Masonic Explorers Who Left Their Mark
Many world–renowned explorers have traveled to new and distant places throughout history, and many of them were Masons.
A few took their allegiance even further, leaving Masonic markers in some of the most remote areas of Earth — and beyond.
A few examples:
- Polar explorer and pioneer aviator Richard Byrd and his pilot, Bernt Balchen are said to have dropped Masonic flags on both Poles. During a 1930s flight over the South Pole, Balchen allegedly added his Shrine fez.
- When astronaut Leroy Gordon Cooper, Jr., famously orbited the Earth 22 times, he carried a blue Masonic flag and a Masonic coin with him. He later presented the flag to his lodge in Colorado.

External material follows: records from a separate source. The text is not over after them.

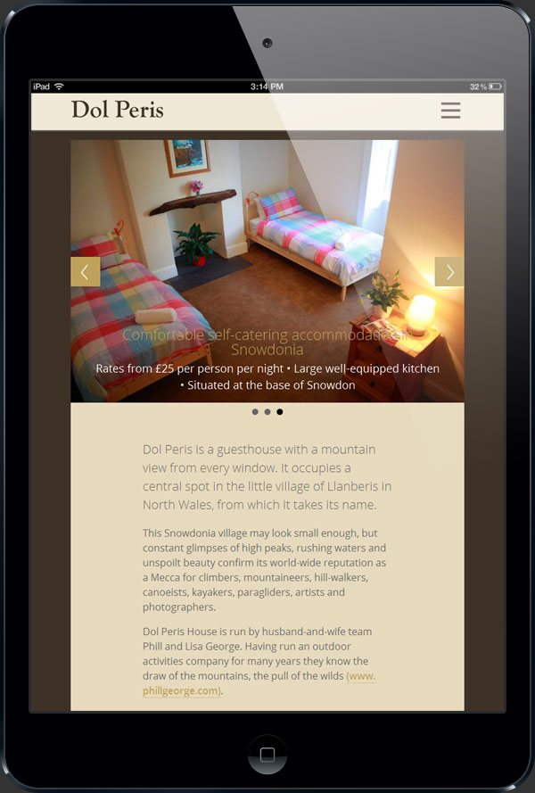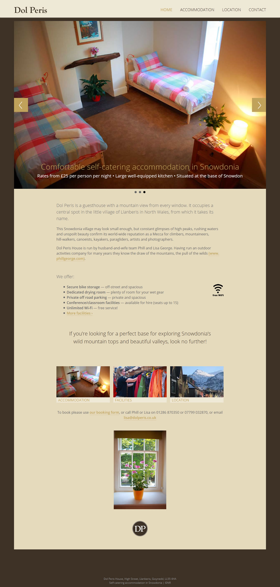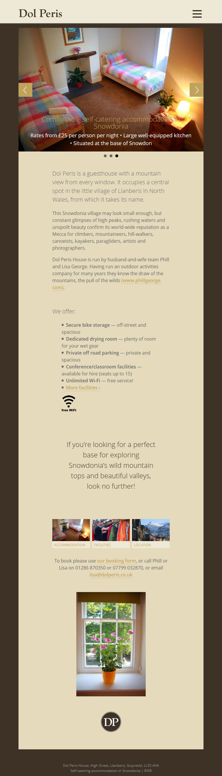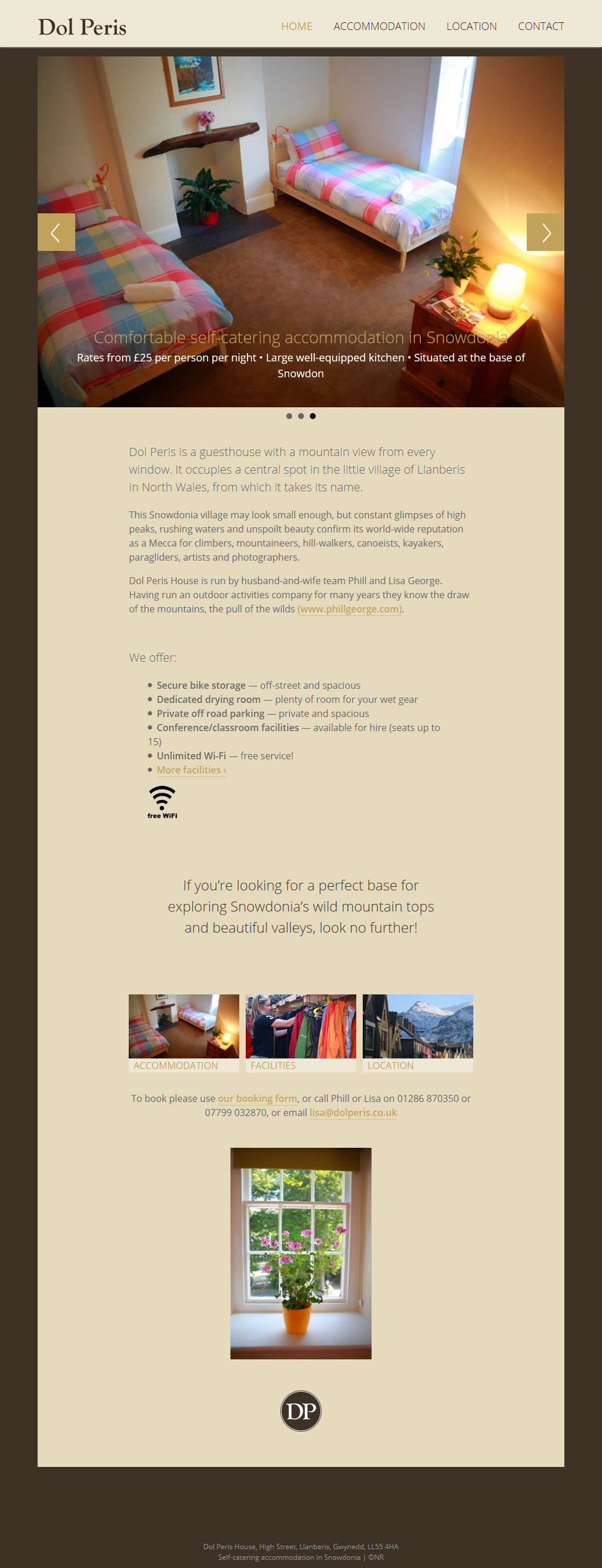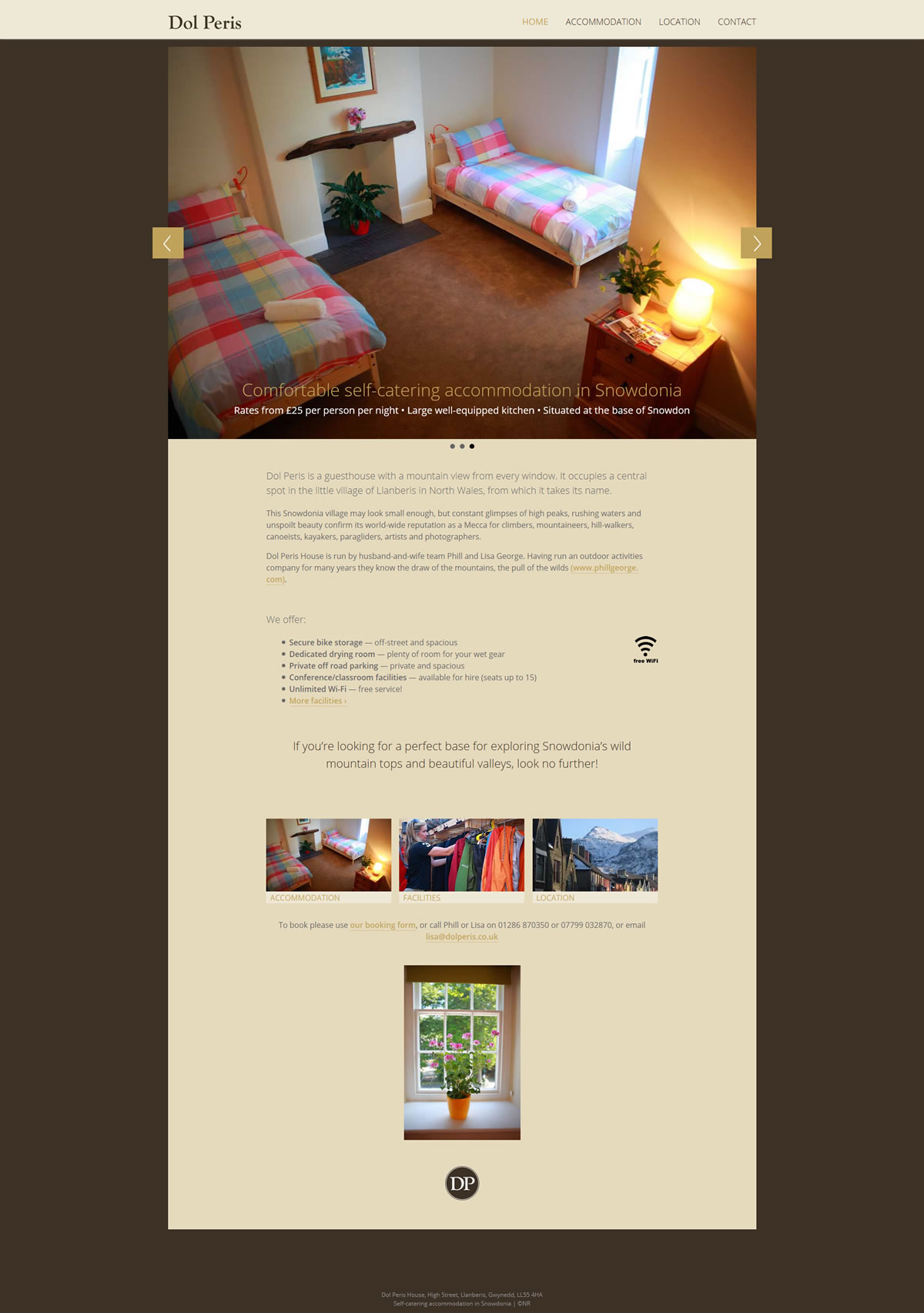 The Dol Peris guest house responsive website features lots of images, and the ‘story’ is told in a simple and appealing way. Photography was also by R.
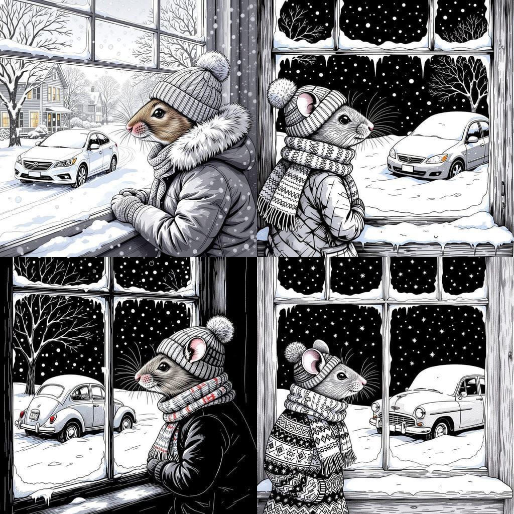 An adult coloring book style image shows a mouse staring out a window. His car is trapped in the snow outside, all rendered with thin black lines on a white background.
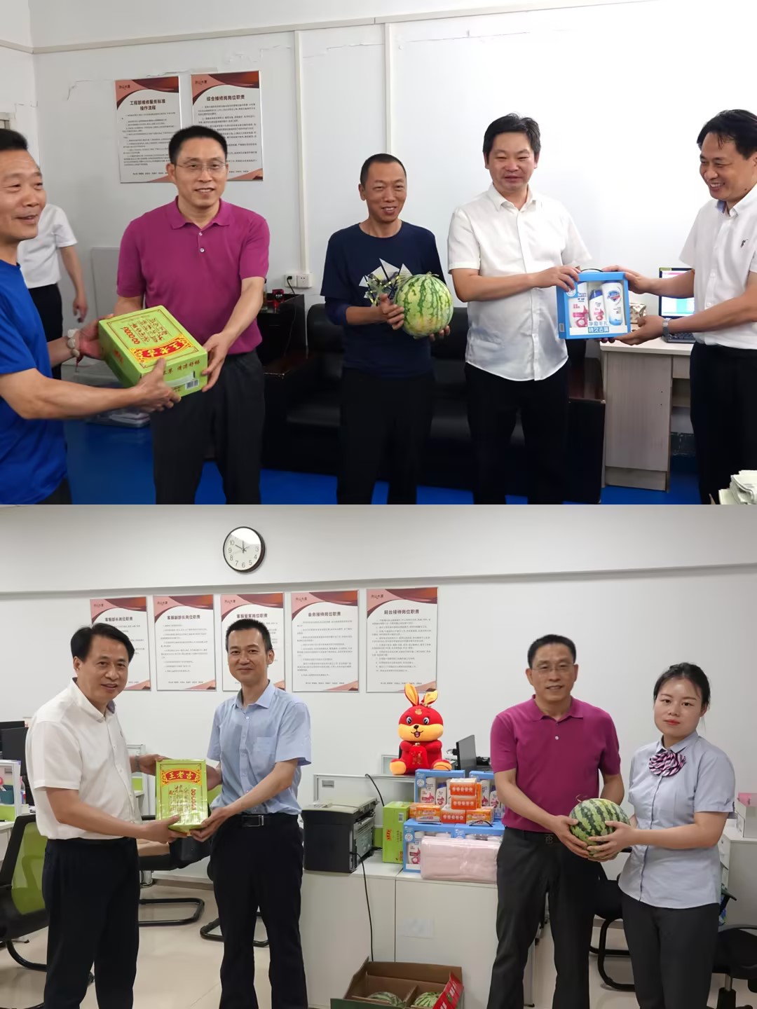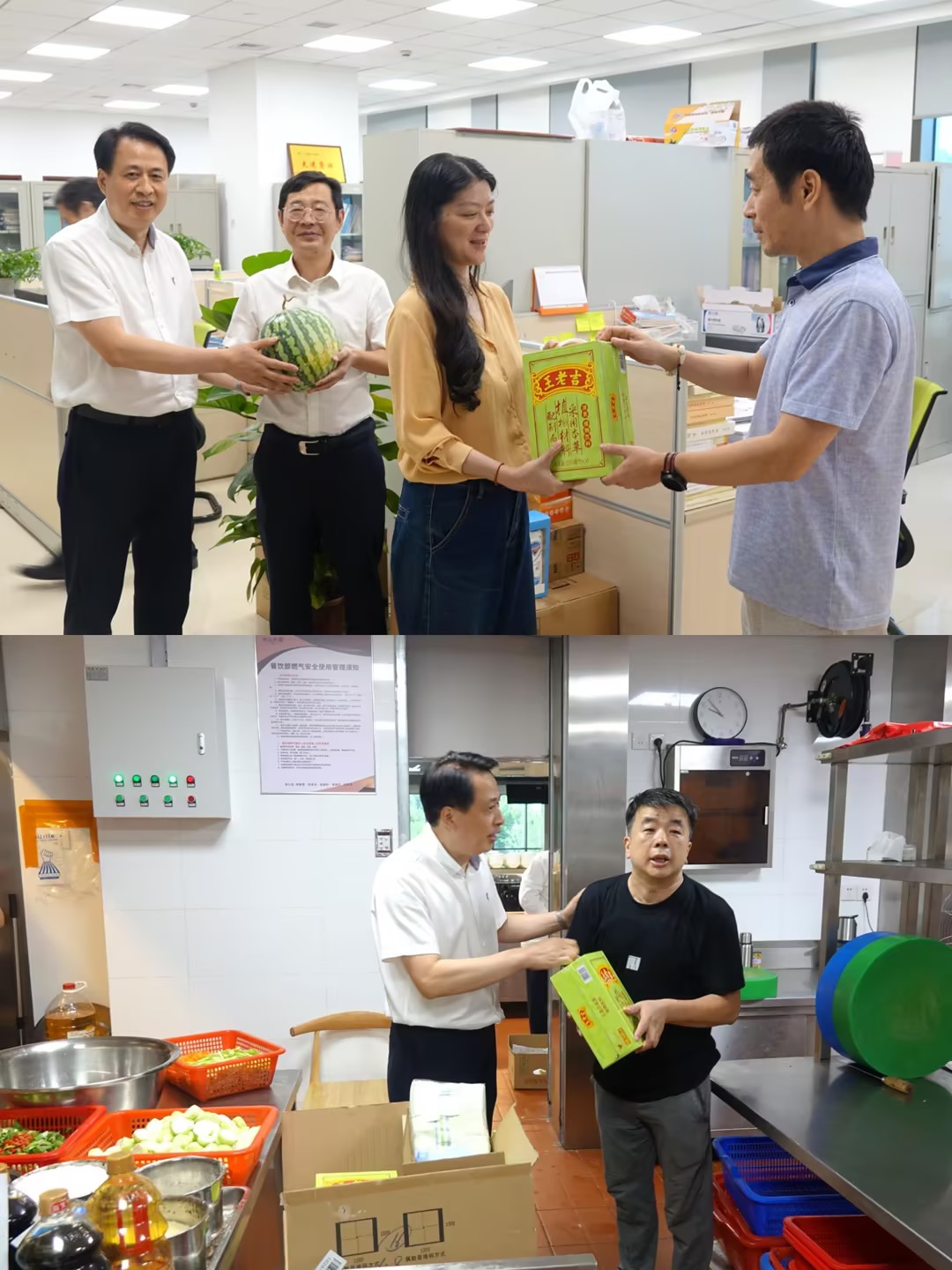 飯店領(lǐng)導(dǎo)一行首先前往生產(chǎn)經(jīng)營一線為在崗職工送去了王老吉、西瓜等防暑降溫物資,飯店領(lǐng)導(dǎo)心系職工的身心健康和安全,極大地激發(fā)了職工們愛崗敬業(yè)的工作熱情,進(jìn)一步增強(qiáng)了廣大職工的凝聚力和向心力。

- Edwin Eugene “Buzz” Aldrin supposedly brought a Masonic flag to the moon in 1969. Aldrin a member of Clear Lake Lodge in Texas is even rumored to have carried a special deputation from the Texas Grand Master, claiming the moon as a territorial jurisdiction of the Grand Lodge of Texas.
- According to an article in Montana: The Magazine of Western History, Meriwether Lewis left evidence of his Masonic affiliation in Montana’s waterways. The state’s modern-day Big Hole River, Ruby River, and Willow Creek were originally names Wisdom, Philanthropy, and Philosophy — names bestowed by Lewis, in all likelihood the first Mason to set foot in the region.